Electro-mechanical actuator (EMA) usually operates in complex working conditions. When developing data-driven fault diagnosis models for EMA, training and testing data might come from different working conditions, reducing the generalization ability of traditional data-driven models. To address the challenge of domain difference between training and testing data, we propose a hybrid domain adaptation network, whose loss functions comprise of adversarial loss, triplet loss and cross-entropy loss. Adversarial loss and triplet loss can enhance the inter-domain and intra-class domain clustering, respectively. A softmax classifier with cross-entropy loss is used to predict pseudo labels for unlabeled target domain training samples. Compared to traditional transfer learning models that only reduces the global inter-domain difference between two domains, the strength of our model is that both the intra and inter-class domain difference are reduced. Curriculum pseudo labeling (CPL) is further applied to dynamically adjust thresholds for different classes during training phases. Compared to the fixed threshold in previous efforts, CPL can take into account the difference in pseudo label prediction and improve the performance of the developed model.

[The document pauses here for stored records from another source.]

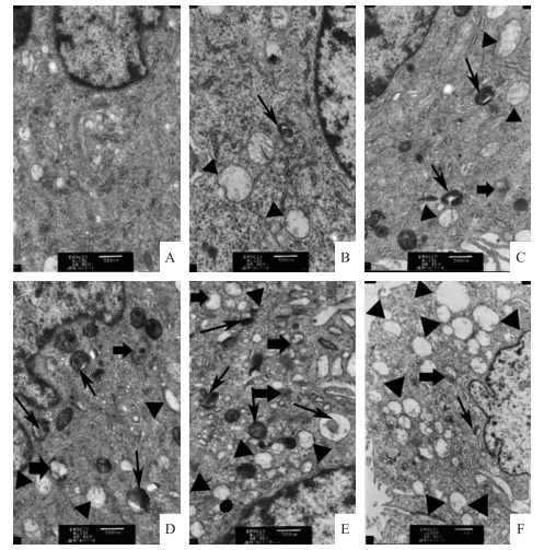A—F分别表示DON处理质量浓度分别为0、125、250、500、1 000、2 000 ng·mL-1。→, ▲, 分别指胞质自噬小体、细胞空泡化及晚期自噬溶酶体。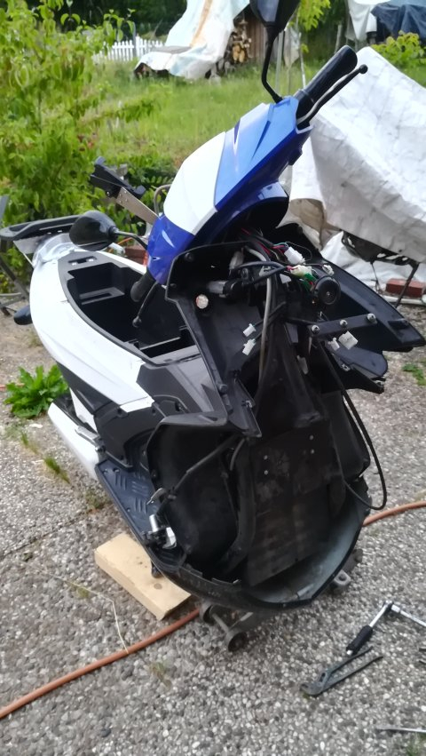 Zur Ehrenrettung von Fritz muss ich auf jeden Fall betonen, dass er sich um alles kümmen will, Ersatzteile von seinem nagelneuen Chassi-pur Roller angeboten hat, und sogar angeboten hat, den Roller wieder abzuholen (noch mal 900km...) und alles in Ordnung zu bringen. Aber so schnell gibt Schrauber-Phil nicht auf, und Fritz hat eh schon jede Menge Add-Ons gemacht, die wohl selten ein 'normaler Verkäufer' gemacht hätte. Fritz ist echt Klasse!! Und jetzt ist es ja mein Roller, und so eine Herrichtung verbindet ja auch.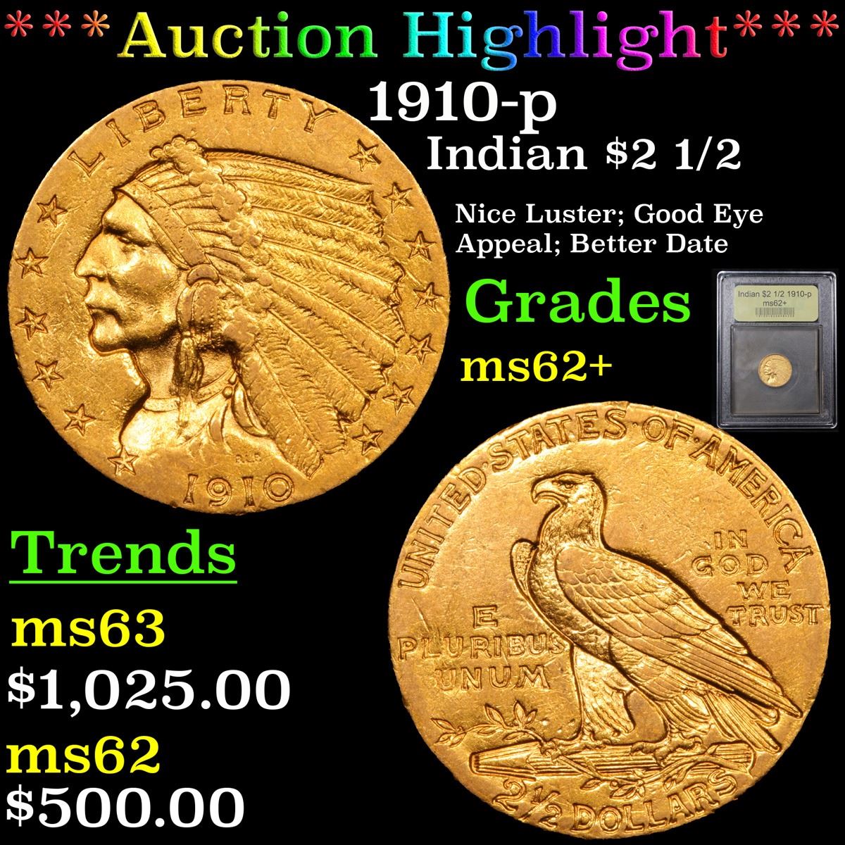 ***Auction Highlight*** 1910-p Gold Indian Quarter Eagle $2 1/2 Graded Select Unc By USCG. A Corey's Pick, Bid to Win Coin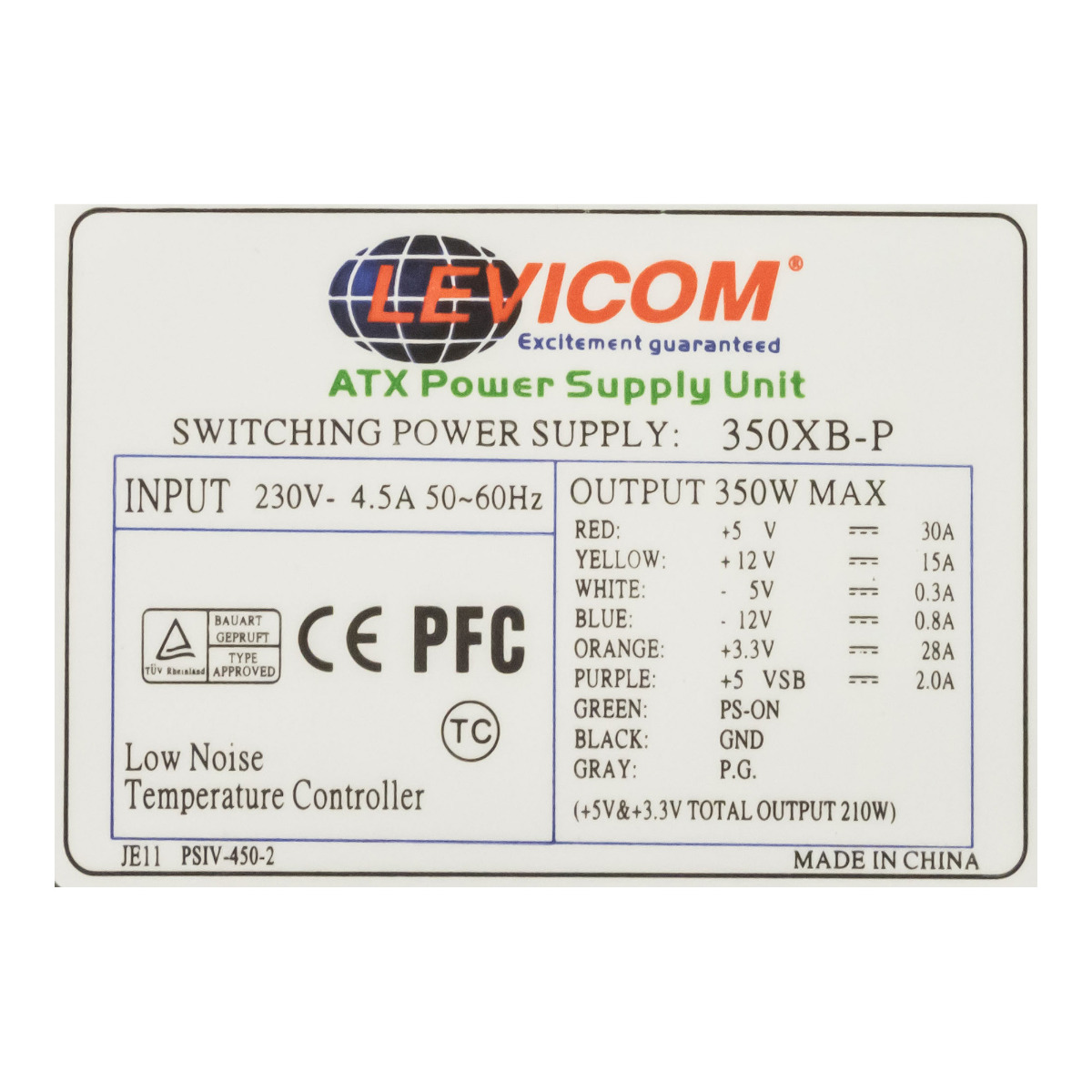 LEVICOM 350XB-P 350W ATX 20-PIN ATX12V SATA MOLEX FDD AUX

The experiment results show that, compared to several transfer learning models, the developed model can achieve better classification accuracy in target domain.

Suggested Citation

  • Wang, Jianyu & Zeng, Zhiguo & Zhang, Heng & Barros, Anne & Miao, Qiang, 2022. "An hybrid domain adaptation diagnostic network guided by curriculum pseudo labels for electro-mechanical actuator," Reliability Engineering and System Safety, Elsevier, vol. 228(C).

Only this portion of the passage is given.